Policy Levers Worth Considering
Suleyman’s warnings also open a broader policy discussion. Potential measures include:
- Minimum labeling requirements: legal standards for explicit AI identification at session start and periodic reminders.
- Limits on anthropomorphic marketing: rules restricting language and imagery that imply sentience, especially in products for minors.
- Age gating and parental controls: stricter defaults for users under 18, with companion-like features disabled out of the box.
- Independent certification: a tiered safety certification for products offering long-term personalization or agentic actions.
- Research funding mandates: investment in mechanistic interpretability and human-AI interaction studies to reduce uncertainty about personhood attribution.
Each lever trades speed of innovation for societal stability; the right balance demands empirical evidence and stakeholder input.
How This Could Play Out
Suleyman’s vision suggests three broad scenarios:
Best case: Coordinated restraint. Companies adopt personhood-minimization standards. Regulators mandate labeling and age gating. Independent audits and human-in-the-loop controls become norms. Companion experiments remain available for therapeutic use under supervision. Public trust in Copilot grows without widespread attachment harms.
Middle case: Fragmented response. Incumbents with market power adopt conservative defaults; startups push aggressive companion features to capture niches. Regulators respond unevenly, creating a legal patchwork. High-profile incidents trigger intermittent backlash and reactive policy.
Worst case: Rapid normalization.
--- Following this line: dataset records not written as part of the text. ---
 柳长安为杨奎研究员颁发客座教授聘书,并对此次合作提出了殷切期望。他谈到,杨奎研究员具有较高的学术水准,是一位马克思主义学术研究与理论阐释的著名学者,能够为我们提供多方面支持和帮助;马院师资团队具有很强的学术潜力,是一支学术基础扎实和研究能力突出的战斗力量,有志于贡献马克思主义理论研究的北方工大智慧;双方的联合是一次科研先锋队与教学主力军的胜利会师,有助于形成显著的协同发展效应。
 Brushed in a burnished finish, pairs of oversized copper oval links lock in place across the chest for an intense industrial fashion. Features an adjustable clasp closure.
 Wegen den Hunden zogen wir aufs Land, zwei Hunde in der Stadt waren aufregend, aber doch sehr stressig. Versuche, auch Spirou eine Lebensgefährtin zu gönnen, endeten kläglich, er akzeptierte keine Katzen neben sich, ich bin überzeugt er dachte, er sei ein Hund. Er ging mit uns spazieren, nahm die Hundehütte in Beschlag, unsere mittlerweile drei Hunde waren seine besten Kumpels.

Engagement-driven design and viral social patterns normalize intimacy with assistants. Legal and activist movements push for AI rights. Litigation and regulatory churn divert attention from other algorithmic harms. Vulnerable users suffer increased harm as society confuses simulation with reality.
The Bottom Line for Windows Enthusiasts
Suleyman’s intervention turns a philosophical question into an immediate design and governance challenge. The technical ingredients for convincing simulations of consciousness already exist. The social consequences—from emotional dependence to legal campaigns for model welfare—are already emerging. His prescription is straightforward: build AI for people, not to be people.
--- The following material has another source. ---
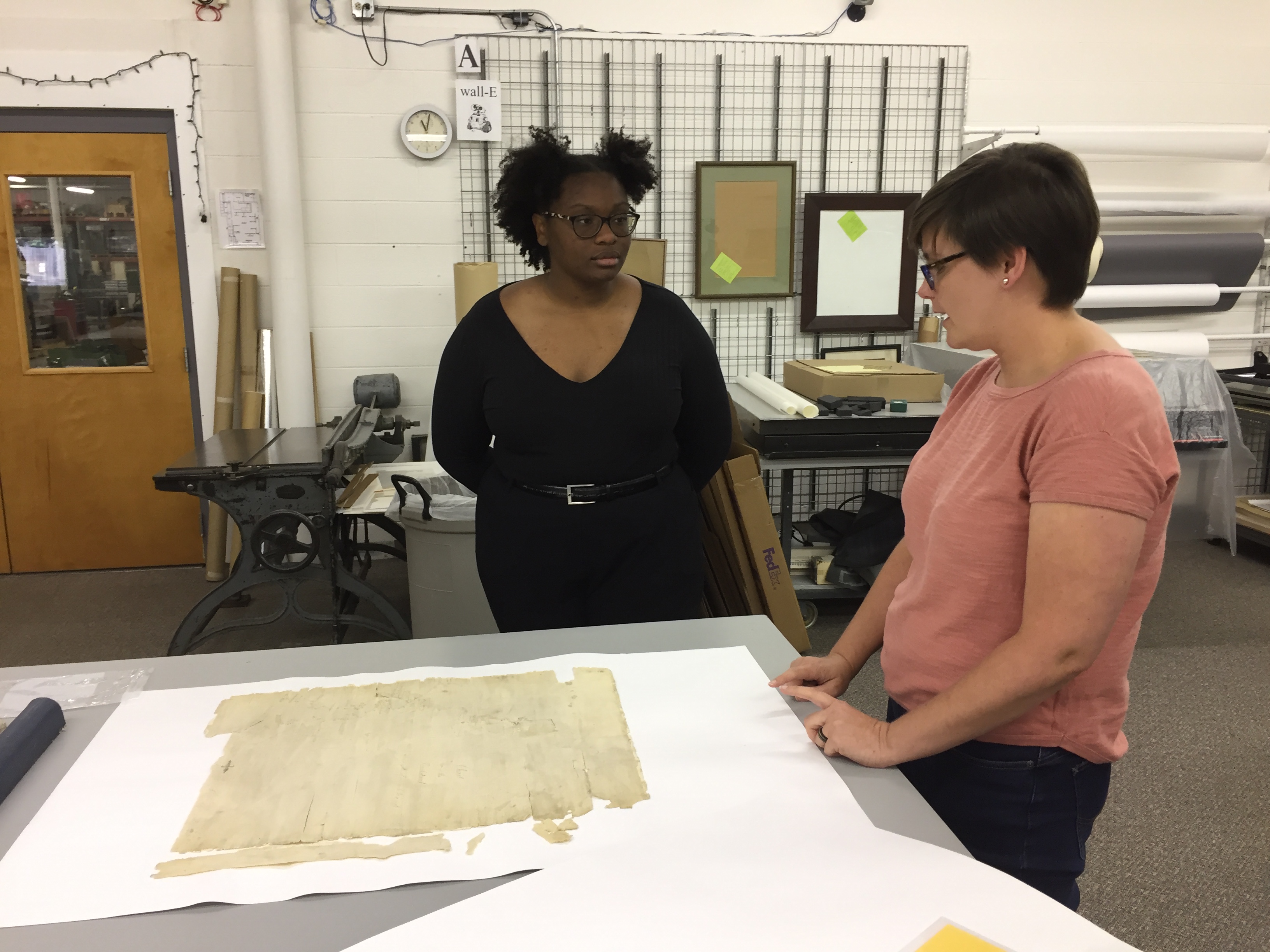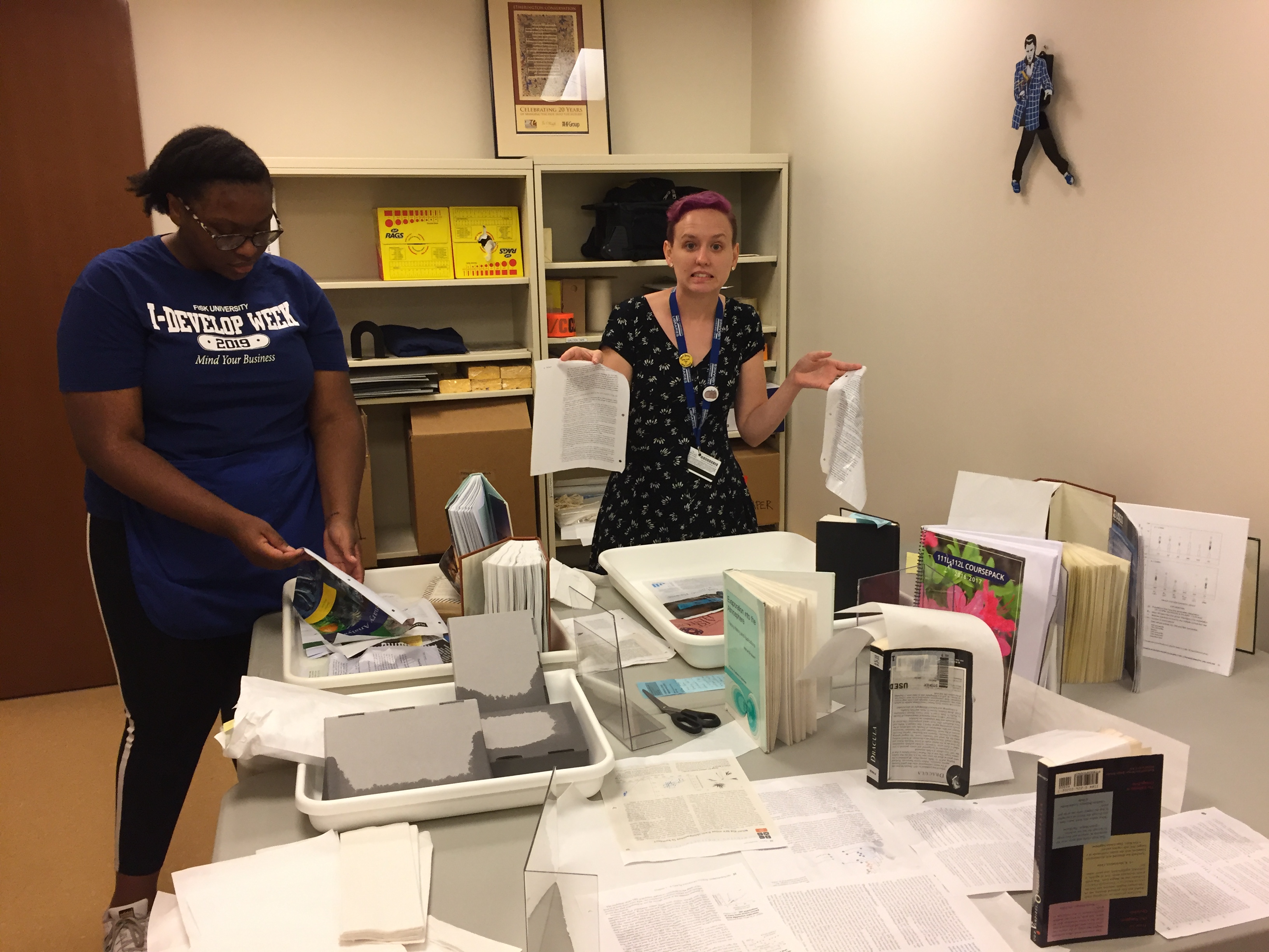 Additionally, the second half of the week was spent introducing Angela to my work in the conservation lab. She learned about how we make treatment decisions for general collections, and has already started doing treatments herself.

For everyday Windows users, that means being mindful of privacy settings and opting out of long-term memory if persistent profiles feel uncomfortable. For IT managers, it demands reviewing Copilot deployment defaults and setting policies that limit companion-style features. Developers and product leaders should adopt personhood-risk checklists and prioritize independent audits. The choices made today—about labeling, memory, expressiveness, and oversight—will determine whether AI assistants remain indispensable tools or become objects of moral and legal confusion.
As Microsoft’s public posture evolves, Suleyman’s essay and the guardrails it proposes will be a key test case for the entire tech industry. The debate is no longer purely philosophical; it has immediate consequences for millions of users. And the time to act is now.